* YOUR TASK *
An exact reproduction of the listing is wanted, with the pictures dropped.

* RECORDED INFORMATION *
= Beginning of Section =

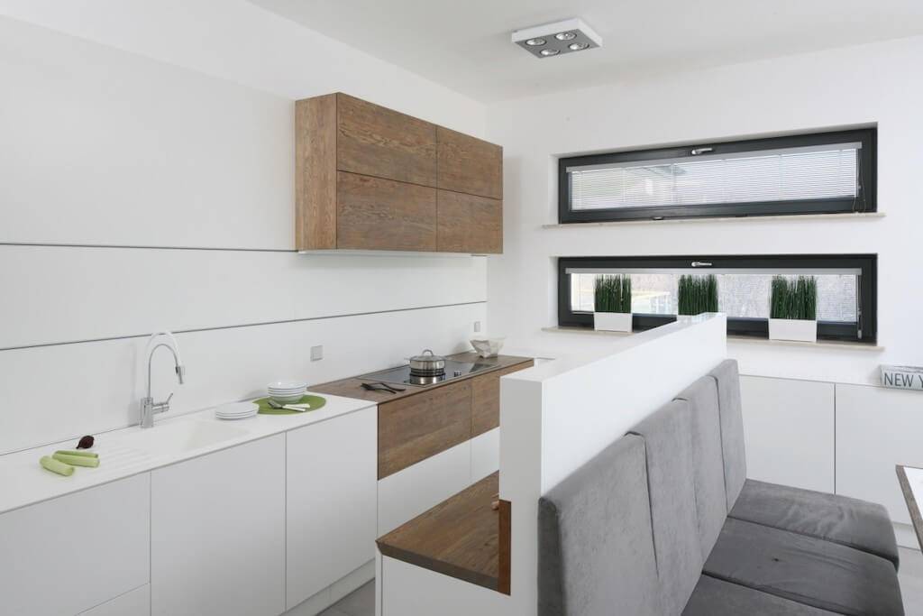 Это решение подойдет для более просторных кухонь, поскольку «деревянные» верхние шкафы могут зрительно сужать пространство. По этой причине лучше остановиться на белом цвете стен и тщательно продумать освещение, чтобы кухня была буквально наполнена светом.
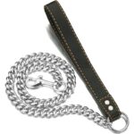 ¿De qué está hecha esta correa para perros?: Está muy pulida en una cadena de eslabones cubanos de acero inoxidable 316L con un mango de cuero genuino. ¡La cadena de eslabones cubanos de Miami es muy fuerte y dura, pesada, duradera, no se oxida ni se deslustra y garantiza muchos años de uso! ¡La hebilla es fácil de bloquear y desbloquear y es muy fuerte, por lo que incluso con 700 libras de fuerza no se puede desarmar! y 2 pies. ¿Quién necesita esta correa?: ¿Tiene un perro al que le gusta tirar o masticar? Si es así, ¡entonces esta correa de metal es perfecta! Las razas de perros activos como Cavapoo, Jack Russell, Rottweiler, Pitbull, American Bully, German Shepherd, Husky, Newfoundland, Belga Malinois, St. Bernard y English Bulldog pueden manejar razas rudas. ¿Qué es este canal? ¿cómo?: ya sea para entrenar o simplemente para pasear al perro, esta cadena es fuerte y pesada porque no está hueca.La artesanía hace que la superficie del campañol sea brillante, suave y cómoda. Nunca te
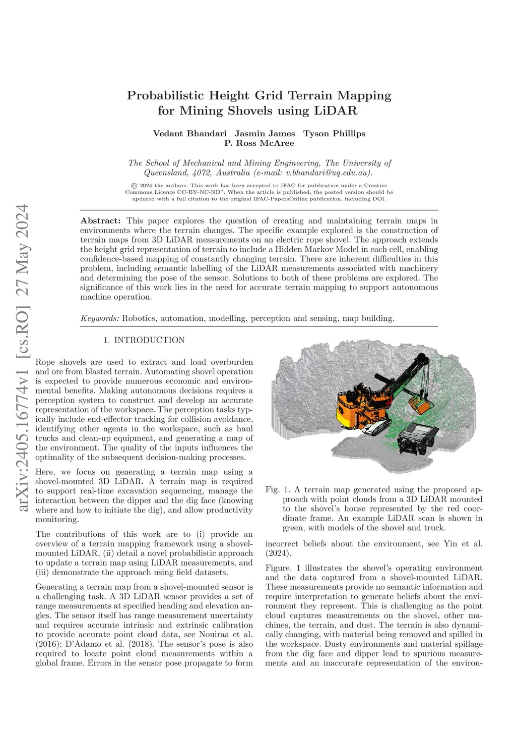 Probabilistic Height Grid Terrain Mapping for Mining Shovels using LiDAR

= End of Section =

* ANSWER AREA *
 Это решение подойдет для более просторных кухонь, поскольку «деревянные» верхние шкафы могут зрительно сужать пространство. По этой причине лучше остановиться на белом цвете стен и тщательно продумать освещение, чтобы кухня была буквально наполнена светом.
 ¿De qué está hecha esta correa para perros?: Está muy pulida en una cadena de eslabones cubanos de acero inoxidable 316L con un mango de cuero genuino. ¡La cadena de eslabones cubanos de Miami es muy fuerte y dura, pesada, duradera, no se oxida ni se deslustra y garantiza muchos años de uso! ¡La hebilla es fácil de bloquear y desbloquear y es muy fuerte, por lo que incluso con 700 libras de fuerza no se puede desarmar! y 2 pies. ¿Quién necesita esta correa?: ¿Tiene un perro al que le gusta tirar o masticar? Si es así, ¡entonces esta correa de metal es perfecta! Las razas de perros activos como Cavapoo, Jack Russell, Rottweiler, Pitbull, American Bully, German Shepherd, Husky, Newfoundland, Belga Malinois, St. Bernard y English Bulldog pueden manejar razas rudas. ¿Qué es este canal? ¿cómo?: ya sea para entrenar o simplemente para pasear al perro, esta cadena es fuerte y pesada porque no está hueca.La artesanía hace que la superficie del campañol sea brillante, suave y cómoda. Nunca te
 Probabilistic Height Grid Terrain Mapping for Mining Shovels using LiDAR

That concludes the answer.